— PROBLEM STATEMENT —
Only the lines from the one containing "Lightweight aluminium frame" to the end of the data should be copied, exactly and without pictures.

— INPUT DATA —

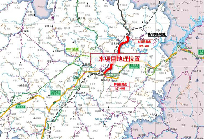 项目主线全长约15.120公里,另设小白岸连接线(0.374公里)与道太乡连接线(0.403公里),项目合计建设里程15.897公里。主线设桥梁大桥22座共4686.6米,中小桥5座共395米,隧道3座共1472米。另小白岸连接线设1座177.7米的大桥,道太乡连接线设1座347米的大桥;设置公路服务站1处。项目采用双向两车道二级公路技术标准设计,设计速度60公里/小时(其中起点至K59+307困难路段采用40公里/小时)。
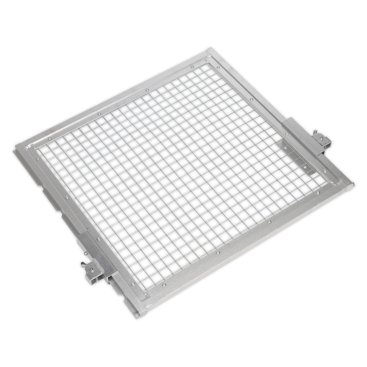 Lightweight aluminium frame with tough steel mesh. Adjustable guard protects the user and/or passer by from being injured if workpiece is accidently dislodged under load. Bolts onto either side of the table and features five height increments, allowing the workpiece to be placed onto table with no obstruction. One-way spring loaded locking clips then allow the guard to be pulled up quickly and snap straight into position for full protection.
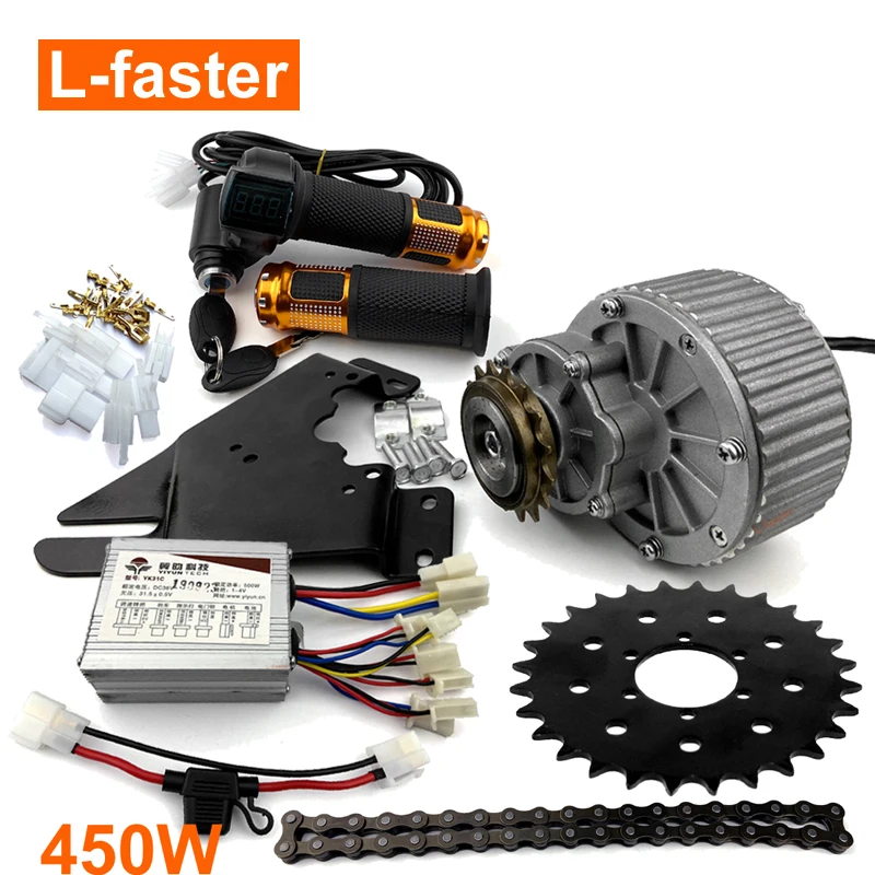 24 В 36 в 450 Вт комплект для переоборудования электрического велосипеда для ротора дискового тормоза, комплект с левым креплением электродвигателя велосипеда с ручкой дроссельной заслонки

— SOLUTION FOR THIS PROBLEM —
 Lightweight aluminium frame with tough steel mesh. Adjustable guard protects the user and/or passer by from being injured if workpiece is accidently dislodged under load. Bolts onto either side of the table and features five height increments, allowing the workpiece to be placed onto table with no obstruction. One-way spring loaded locking clips then allow the guard to be pulled up quickly and snap straight into position for full protection.
 24 В 36 в 450 Вт комплект для переоборудования электрического велосипеда для ротора дискового тормоза, комплект с левым креплением электродвигателя велосипеда с ручкой дроссельной заслонки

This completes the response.